Drug, vaccine and surgery

Obesity is a burgeoning nightmare for everyone involved in healthcare delivery. New treatment possibilities can help to solve this probelm.

George Fielding MD, Surgical Weight Loss Programme
George Fielding MD, Surgical Weight Loss Programme

Efforts to tackle this ballooning health problem, which leads to so many others, include the development of a vaccine, as well as drugs that can reduce the appetite. Recently, for example, a drug said to control appetite by blocking activity in the brain area that regulates the body’s energy balance and ability to break down sugars and fats in the blood - and which reduced the weight of four in 10 people by 10% in clinical trials - became available in the UK, where over 1.2 million people are reported to be morbidly obese. (NB: the drug still needs approval from the National Institute for Clinical Excellence (NICE), before it can become available to all National Health Service patients.)

Meanwhile, a vaccine against obesity could be in the offing. Scientists at the Scripps Research Institute, in California, have reported their development of a method to make the immune system produce antibodies that attack ghrelin, a recently discovered hormone that decreases energy expenditure and fat breakdown. Given the vaccine, fat rats ate normally yet lost weight.

However, for many who cannot respond to nutrition control and increased exercise, another possible route is surgery. The options include a gastric bypass or bariatric (or lap band) surgery. Both are laparoscopic procedures. During a gastric bypass a small stomach pouch is created and a small intestine is grafted on to it, so that food will not only bypass the stomach, but also much of the intestine.

In bariatric surgery, an inflatable band is fixed around the stomach, thus dividing it into two areas. By forming a smaller pouch at the top, less food can be taken in but the patient feels no continuing hunger. The food then moves into the lower portion of the stomach and digestion continues normally.

The band can be inflated with saline solution so that the opening to the lower chamber decreases, again increasing food restriction. Generally the band needs two adjustments, the first about six weeks after surgery. 

During the recent annual meeting of the Society of American Gastrointestinal and Endoscopic Surgeons, George Fielding MD, of the Surgical Weight Loss Programme, at New York University Medical Centre, USA, presented initial results on using laparoscopic bariatric surgery to treat obese teenagers.

Since 2001, 46 female and 12 male teenagers received lap band surgery within the programme. Their ages ranged between 13-19 years. Before the surgery, the average weight of the group was 300 pounds, and the average body mass index (BMI) was 51 kg/m2. Many suffered obesity-related co-morbidities, usually asthma, depression and dyslipidaemia.

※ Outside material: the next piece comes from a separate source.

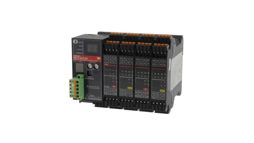 Modulo di ingresso/uscita Omron NE1A, 24 V c.c., 40 ingressi PNP, 8 uscite PNP, 8 uscite di prova, interfaccia di sicurezza USB e DeviceNet, 254 terminali con morsetto a gabbia rimovibili, display con LED per diagnostica avanzata, set di istruzioni predefinito e certificato per programmazione semplice.
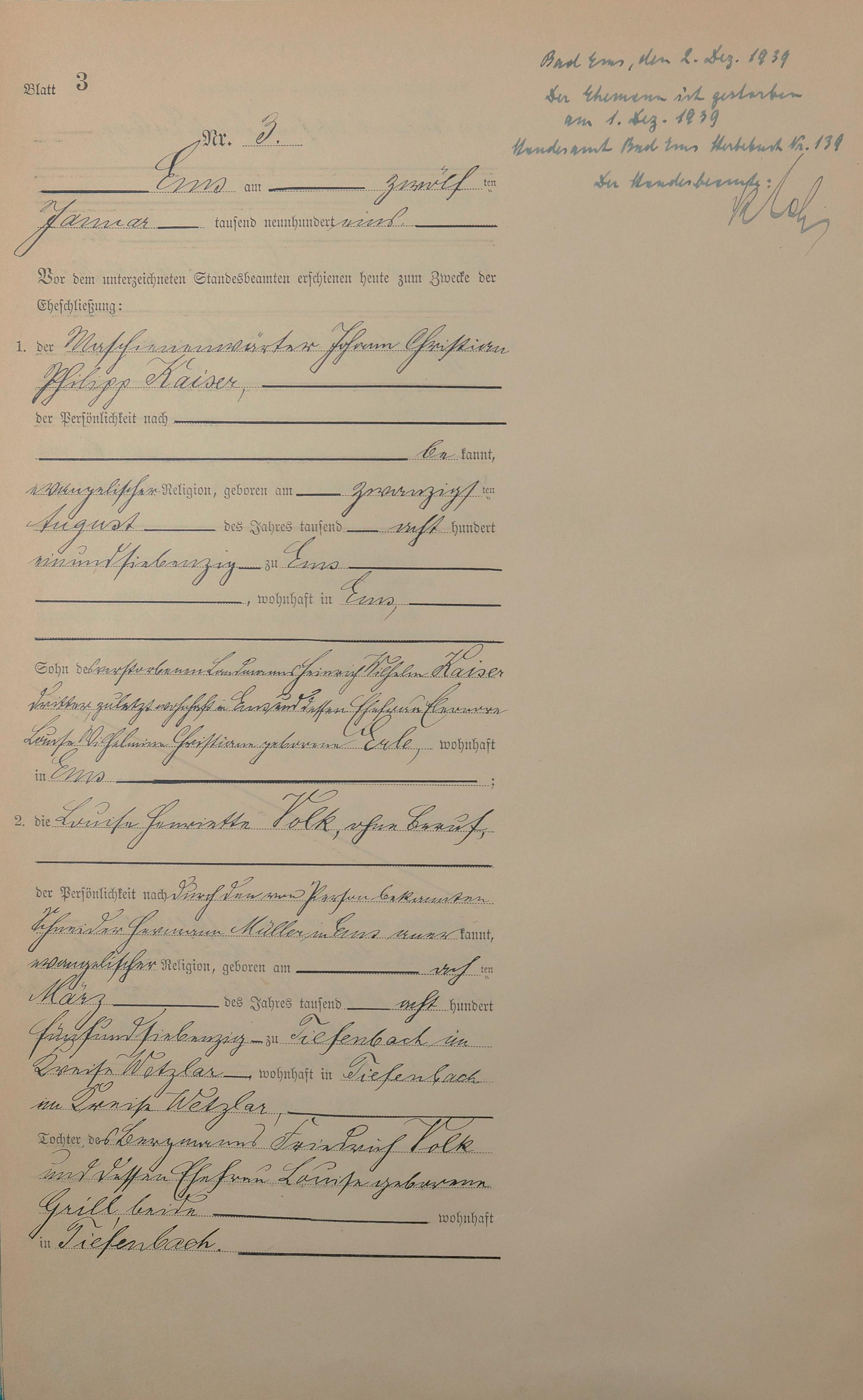 Heiratsregister 1901

Surgery averaged 35 minutes. Most patients were discharged within 24 hours.

There were no acute re-admissions or repeat surgery. In post-surgery follow-ups, which began three months later and continued for four years, the patients’ weight loss steadily progressed. After a year, average weight dropped from 300 to 211 pounds (average loss: 57%) and BMI had reduced by 18 points. In addition, Dr Fielding reported that, although two cases needed antidepressants, all co-morbidities resolved in that year.

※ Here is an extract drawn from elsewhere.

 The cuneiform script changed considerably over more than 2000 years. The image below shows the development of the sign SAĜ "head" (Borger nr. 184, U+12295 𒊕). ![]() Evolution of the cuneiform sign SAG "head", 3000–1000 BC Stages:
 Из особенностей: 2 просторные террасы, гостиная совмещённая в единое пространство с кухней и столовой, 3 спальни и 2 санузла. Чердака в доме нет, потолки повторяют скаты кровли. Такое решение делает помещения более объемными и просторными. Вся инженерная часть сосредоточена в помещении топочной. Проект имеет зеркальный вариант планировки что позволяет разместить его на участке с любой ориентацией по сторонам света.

The programme’s study also suggests this surgery is safe. Only two lap band slippages occurred, there was one case of leakage and two of hiatus hernia.

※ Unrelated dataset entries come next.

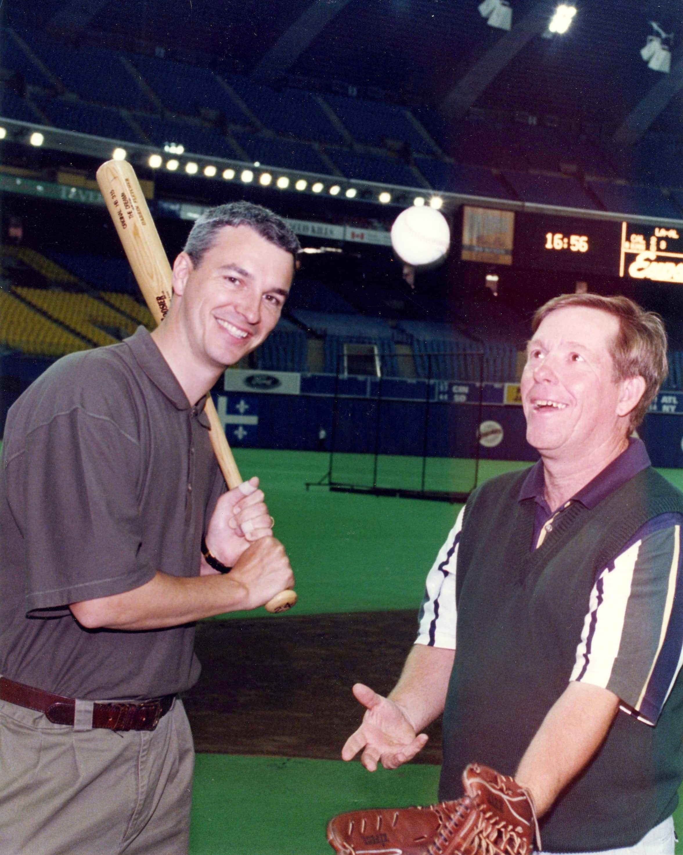 Nesta foto, no voit Rodger e Dan Van Horne, que contém o descritor anglófono das partidas da Expos, no micro antes de uma partida no Stade olympique, na estreia da temporada de 1993.
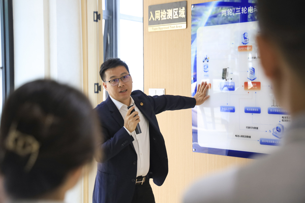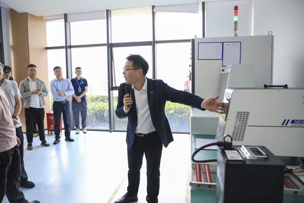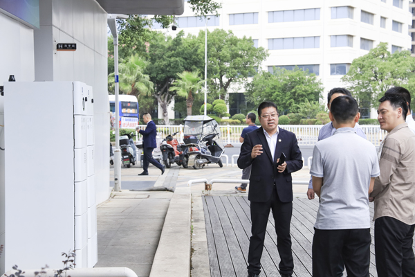 星云股份副董事長兼總裁劉作斌帶領(lǐng)客戶嘉賓參觀、體驗(yàn)電動(dòng)自行車、電動(dòng)摩托車電池檢測
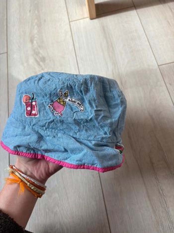 Bob en jean Taille 50 cm de tour de tête Avec elastique à l’arrière À repasser car sur la photo il n’y est pas
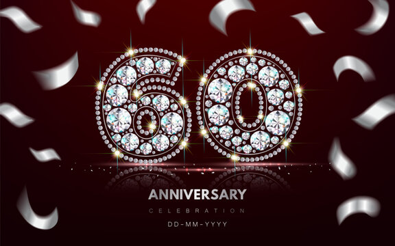 Birthday 60th Anniversary Banner made of Diamond Jewelry and Serpentine Confetti. 3d realistic illustration. Vector.

Also presented at the meeting, another study showed similar results from using Roux-en-Y gastric bypass surgery.

In this Brazilian study - involving 42 obese youngsters, aged 13-18 years, also had a several co-morbidities, which included diabetes, high serum insulin, depression, hypertension, asthma, cholelithiasis, arthropathy, and reflux disease - the average hospital stay averaged 30 hours. No intra-operative revisions were needed. There were no intra-operative complications, conversions or deaths.

48 months later, the patients’ average BMI had dropped from 45 kg/m2 to 23.5 kg/m2. Weight did not rise, nor was any malnutrition observed.